By Mike Ceaser | The Lancet

The Lancet, Volume 366, Number 9495, 22 October 2005 | Magallanes hospital in Venezuela's capital hit the headlines in August when four patients died in a night after oxygen supplies ran out. The deaths put the hospital at the centre of a political row—but the incident has also highlighted problems that affect the entire country. Mike Ceaser reports.

Nursing assistant Marleni Acevedo reached into one of the nearly bare shelves in the nurses' station and retrieved a half-litre cardboard carton of cotton balls. This is all the cotton we have for the 40-bed ward until new supplies arrive, she says.

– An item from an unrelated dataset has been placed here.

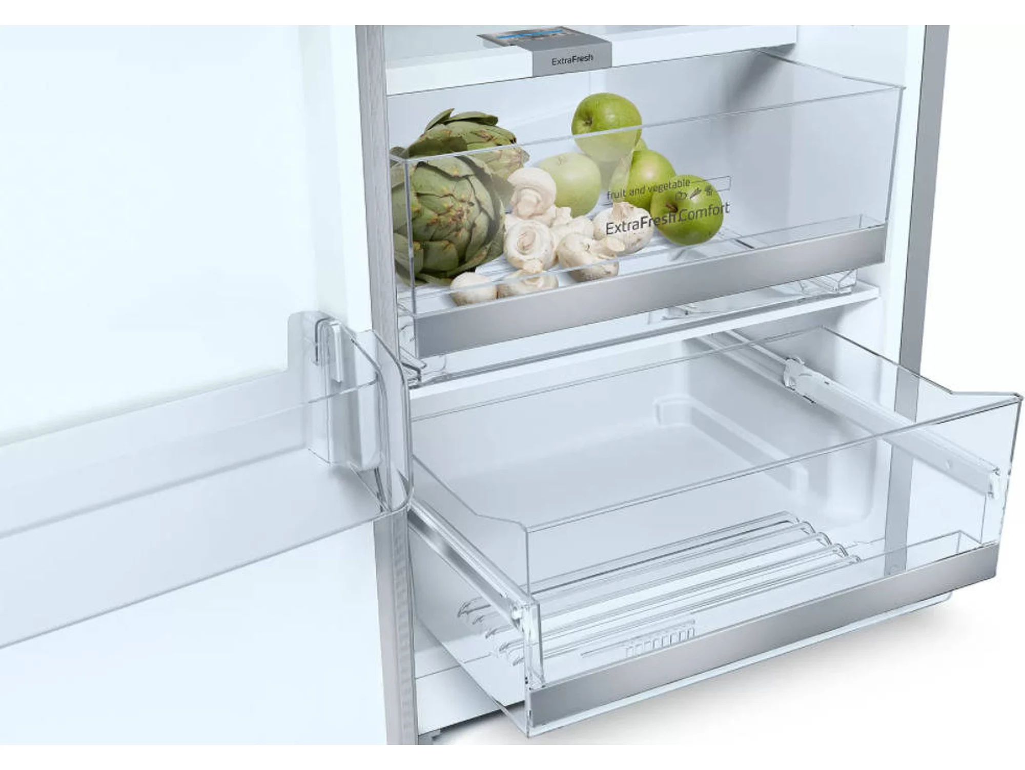 Gracias al cajón ExtraFresh Comfort con control de humedad, los vegetales se mantienen frescos y crujientes por más tiempo. -

That afternoon, the nurses on duty in Magallanes public hospital, in Caracas, Venezuela, had no alcohol and no running water. The refrigerator and intercom systems were out of order, as were all but one of the building's seven elevators.

It was a typical day in Magallanes hospital—a faded red, white, and green ten-storey building with garbage piled up in front of it. Over the hills surrounding the hospital lies one of the many sprawling slums that swamp most of the city.

In late August, the 500-bed hospital made headlines when four patients died in one night, after oxygen supplies ran out. The deaths drew attention to the fact that, despite Venezuela's unprecedented income from soaring world oil prices, the country's public-health system is plagued with problems. While Magallanes has become a symbol of the health system's shortcomings, doctors, patients, and government officials agree that many of Venezuela's 300 public hospitals share its problems.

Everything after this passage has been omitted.